Hernandez said he hopes his painful journey will teach his friends and family a lesson. Car accidents are the top killer of Hispanics in North Carolina, and the disproportionate number of alcohol-related arrests and wrecks are an embarrassment to a minority already beleaguered by hard feelings over illegal immigration.
"It makes the Mexicans look bad, very bad," Hernandez said. "The American people say 'Oh, it's just another Hispanic, the same as the others.' "
In 2005, there were 37 alcohol-related crashes caused by Hispanic drivers for every 10,000 Hispanics in the state, according to the UNC Highway Safety Research Center. That is more than three times the rate of alcohol-related crashes among non-Hispanics.

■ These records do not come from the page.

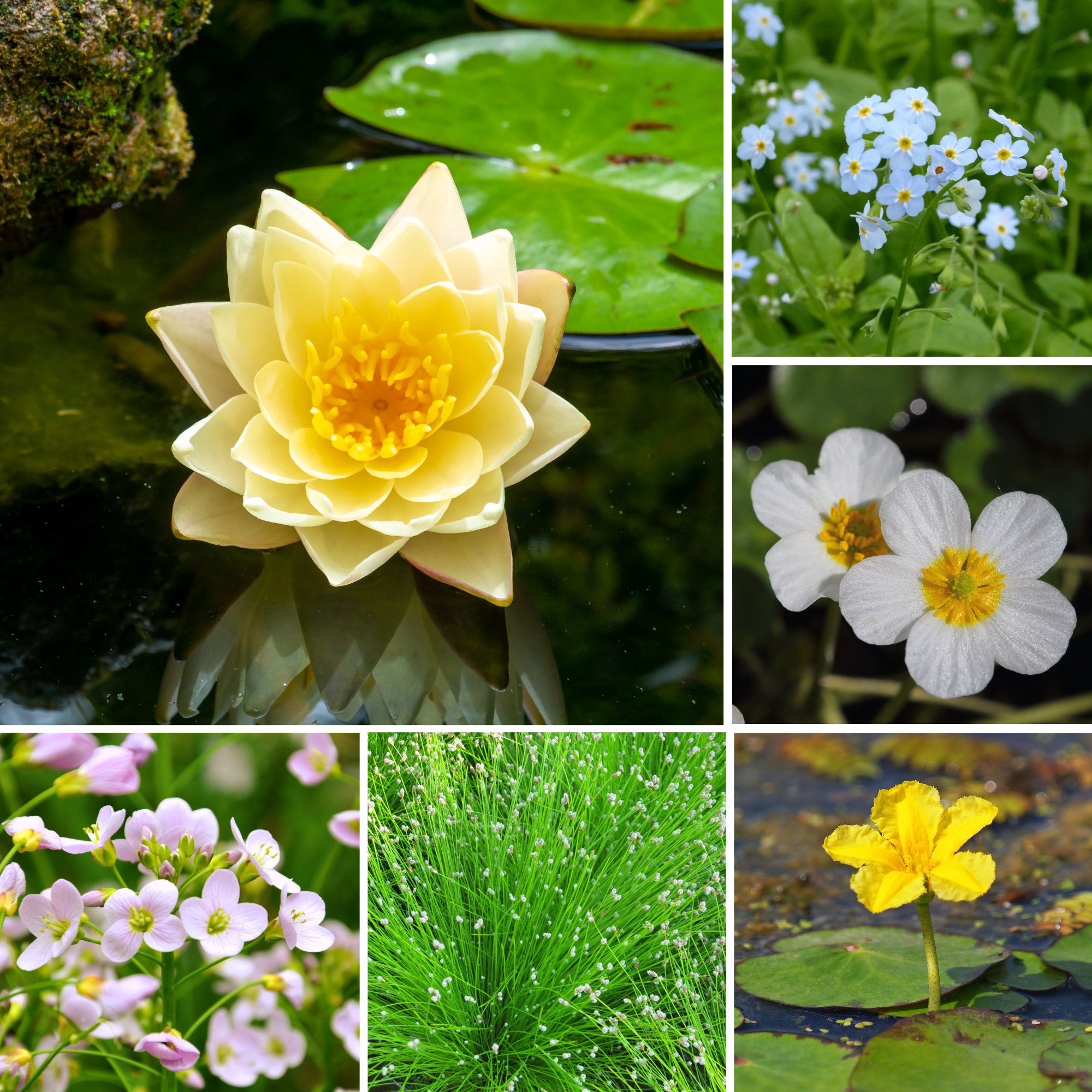 Each collection contains six plants supplied in 1 litre pots, including one deep water plant in the form of a miniature water lily. This will most commonly be Pygmaea Alba, Pygmaea Helvola or a Xiafei, depending on availability. These varieties are chosen for their compact growth habit, typically spreading around 30–50 cm, making them particularly well suited to smaller ponds and containers.
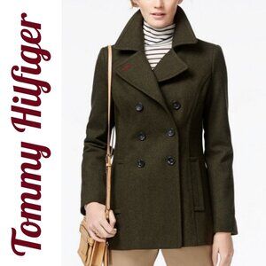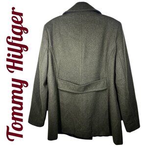 TOMMY HILFIGER WOOL PINE OLIVE GREEN CLASSIC PEACOAT COASTAL FISHERMAN, LARGE
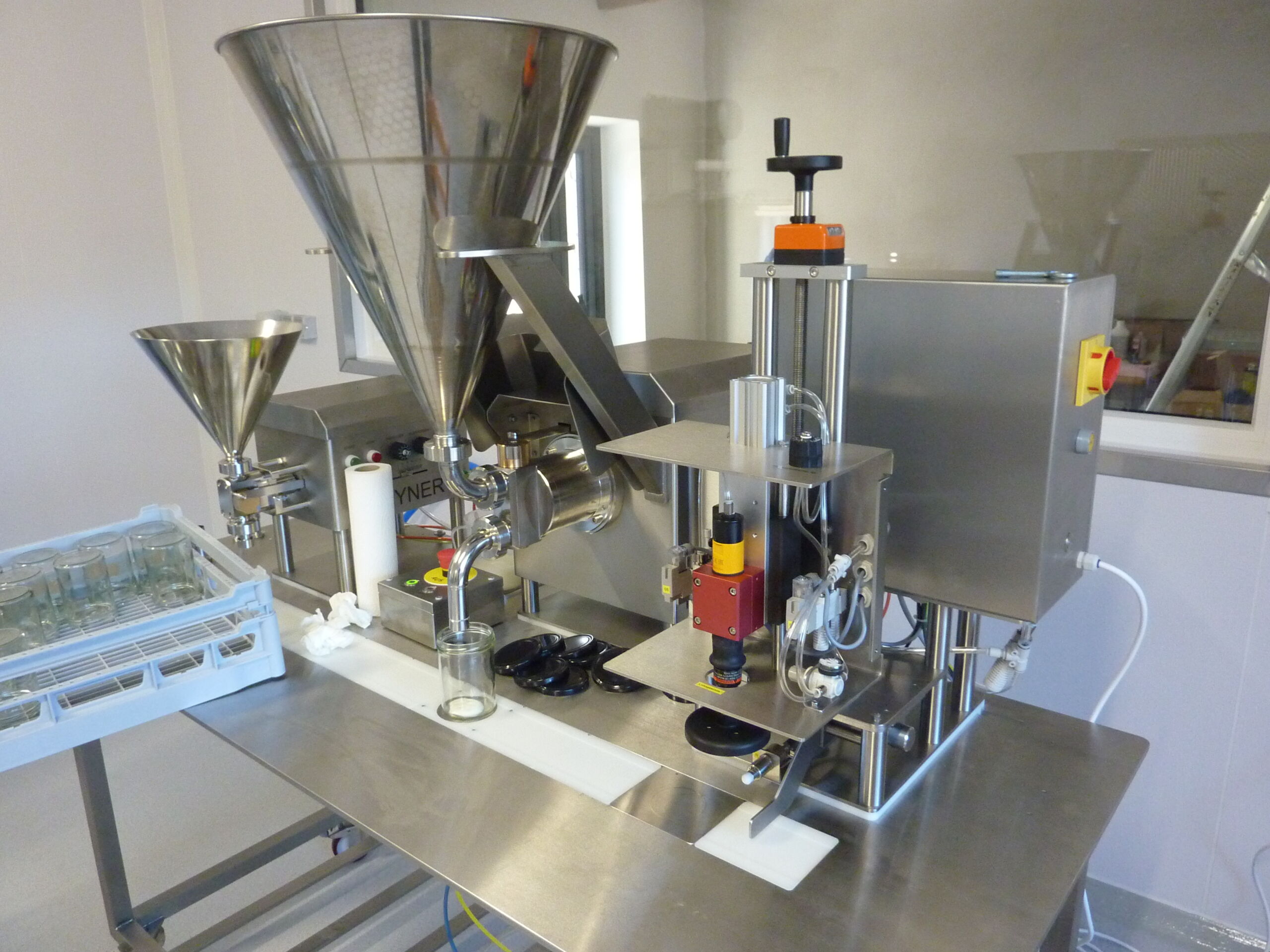 Diese Abfüllmaschine kann ergänzt bzw. erweitert werden bis hin zu einem Vollautomaten für Flaschen, Becher, Gläser, …

Hispanic leaders are struggling to stem a problem that they say is rooted in the waves of young men who leave the calming influences of church and family to labor alone in a new country.

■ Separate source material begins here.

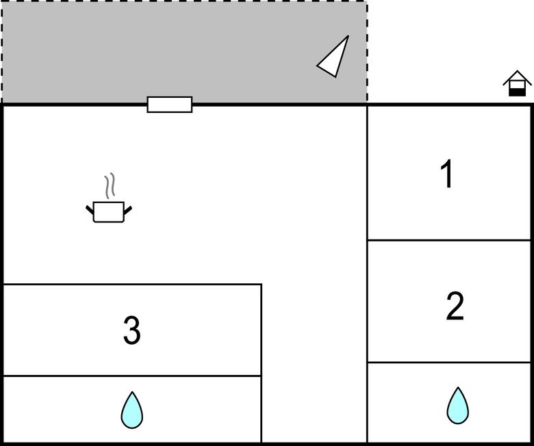 Badeværelse 3m2 (nr. 1) - WC. Varmt og koldt vand. Bruser
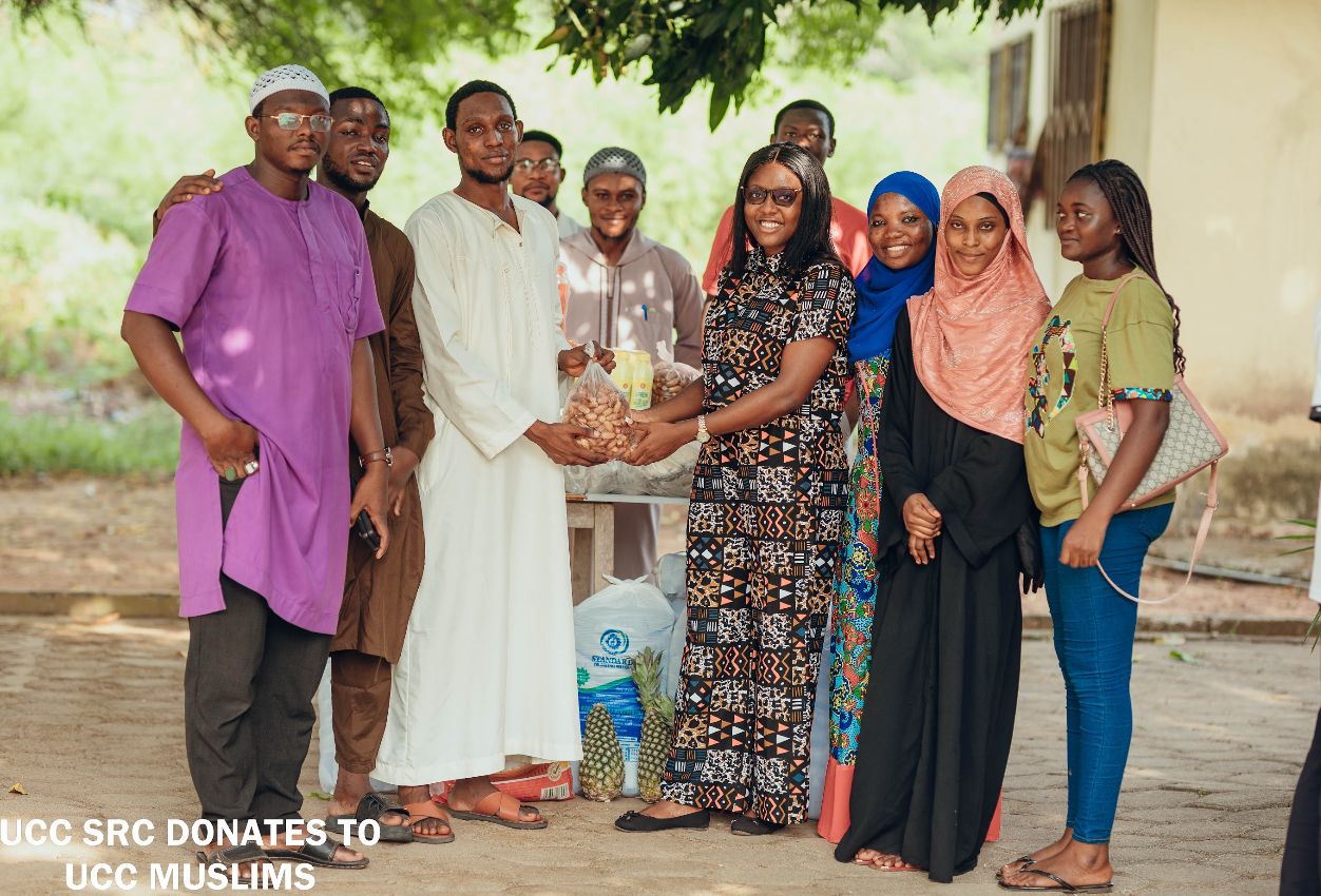 The Students' Representative Council (SRC) of the University of Cape Coast (UCC) has presented bags of sachet water and rice, fruits, and beverages to the Muslim community on campus to support them during the Ramadan period.

"It's difficult because you're trying to compete with the loneliness," said Tony Asion, public safety director for El Pueblo, an Hispanic advocacy group. "Then, as some learn, more come, and we start again."
Carnage continues
Last month, a Johnston County father and son died in a fiery crash authorities say was caused by Luciano Tellez, 31, an illegal immigrant from Mexico. Dwane Braswell, 35, and his son Jerry, 9, were riding in a tractor-trailer cab on N.C. 210 in the Cleveland community of Johnston County when Tellez struck the tractor and rolled it into a ditch, where it caught fire.
Empty beer cans were found in Tellez' car, but authorities say it is impossible to know whether he was drunk.
It was the latest in a string of such accidents caused by Hispanic men. In February in Salisbury, a woman who was eight months pregnant and her unborn child were killed. In October, it was two college students and a high school boy. In January 2006, a man from El Salvador killed a Hillsborough woman in a head-on crash and fled, leaving an injured passenger in his own car.
Researchers say drunken driving among Hispanics is at least partially explained by demographics. As in many places where immigration is fairly recent, the Hispanic population in North Carolina is young and dominated by men -- both factors that make them statistically more likely to drive drunk.
Men in their 20s and 30s made up more than half the people charged with DWI statewide in the year ending last July. Nearly 40 percent of North Carolina Hispanics were 21- to 39-year-old men in 2005, according to census estimates. This same age range accounted for only 18 percent of blacks and 16 percent of whites.
Bobby Dunn, who counsels Spanish-speaking DWI convicts in Johnston and Wilson counties, said his clients are often young men far from home with money in their pockets for the first time. Many were too poor to have cars in Mexico, so they have little experience behind the wheel.